We can help you gather your evidence, draft a sharp, factual complaint, and guide you through the entire process, from NSE to SEBI SCORES and beyond.
If you need assistance understanding your case or preparing your complaint properly, you can register with us, and our team will guide you step by step.
Let us help you fight for the resolution you deserve.
Conclusion
You’ve been through a stressful situation due to inaccurate bond data, and you deserve a clear path forward.
You don’t have to accept this as just part of the market.
Your investment decisions were based on the information provided, and you have the right to seek accountability.
Now is the time to take action. Start by compiling your evidence and lodging your formal complaint through the official NSE portal.
If the response doesn’t resolve your concern, escalate it to SEBI SCORES without delay.
Frequently Asked Questions
1. What immediate proof should I gather if the NSE displays incorrect bond or share data?

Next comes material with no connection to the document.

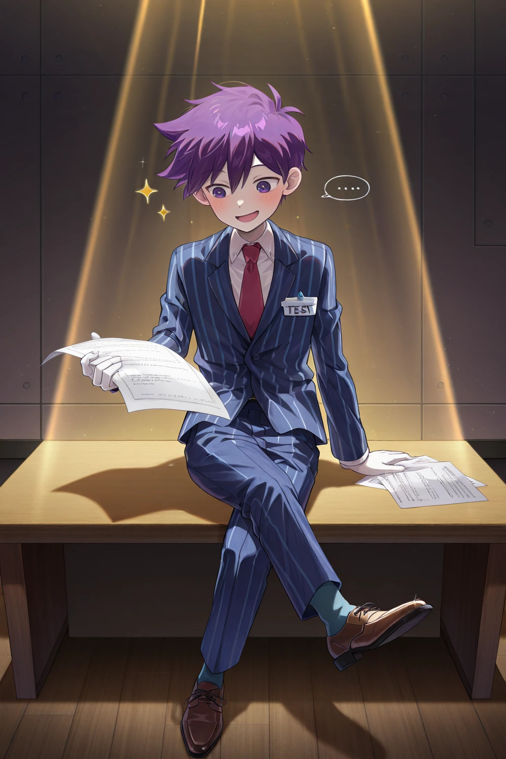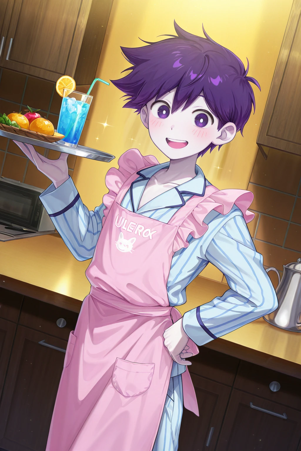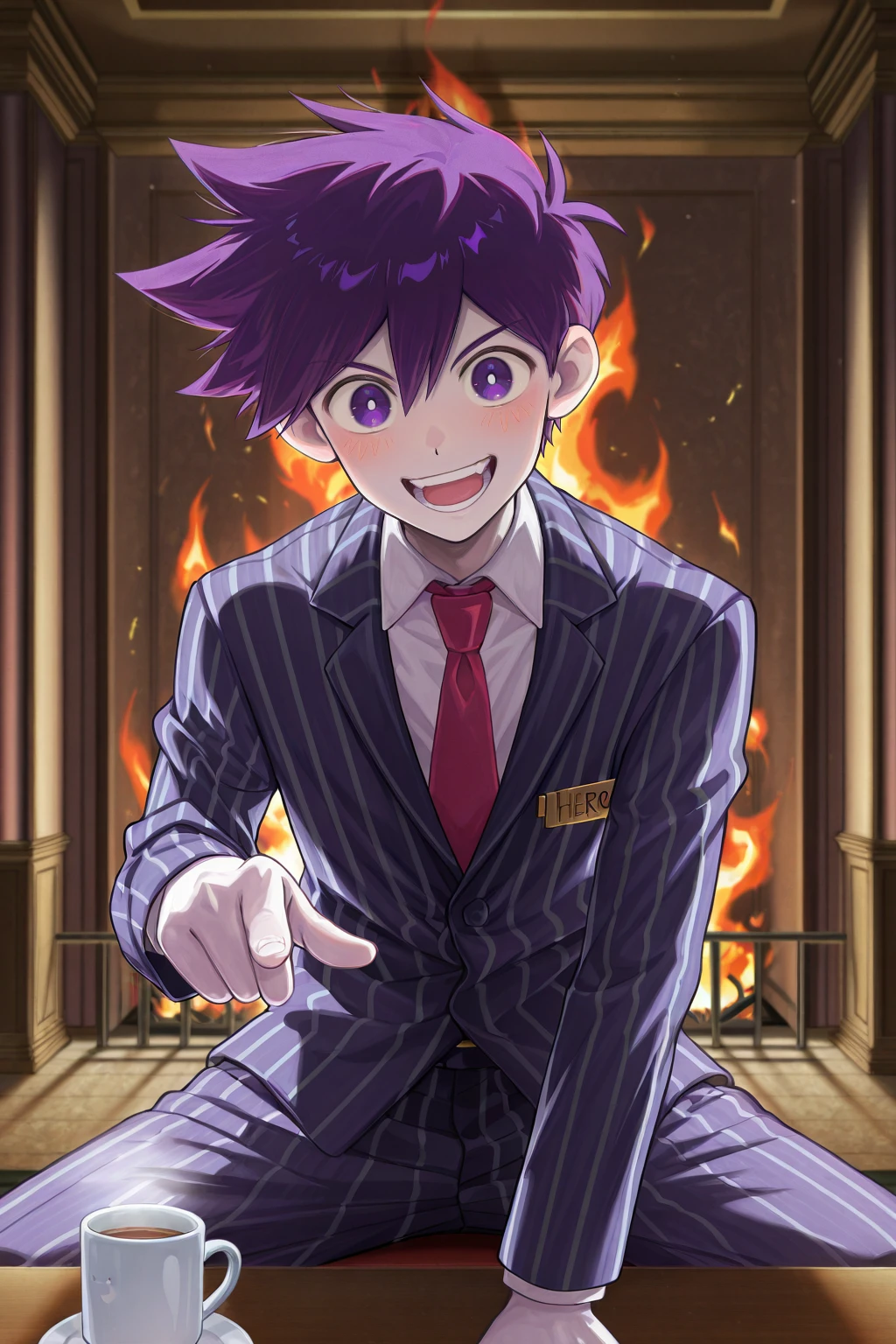 -hero_sp, purple hair, purple eyes, white pupils, white skin, blue striped pajamas

You must take immediate, timestamped screenshots of the erroneous NSE webpage or terminal data alongside your broker’s contract notes.
Additionally, pull the official company disclosure or prospectus to serve as cross-verified proof of the actual data.
2. Can I report the NSE’s data errors through the standard SEBI SCORES portal?
Yes, because the NSE is a regulated Market Infrastructure Institution, you can lodge a formal grievance directly against the exchange on the SEBI SCORES portal.
Choose the “Market Infrastructure Institutions” category when filing your complaint to ensure it is routed correctly.
3. What should I do if incorrect NSE data causes me a direct financial loss on my bond trade?
You can file a compensation dispute via the SMART ODR portal or escalate the matter through the NSE’s Investor Service Cell for arbitration.
Keep in mind that while technical glitches are heavily reviewed, standard rules usually exclude claims for purely notional or opportunity losses.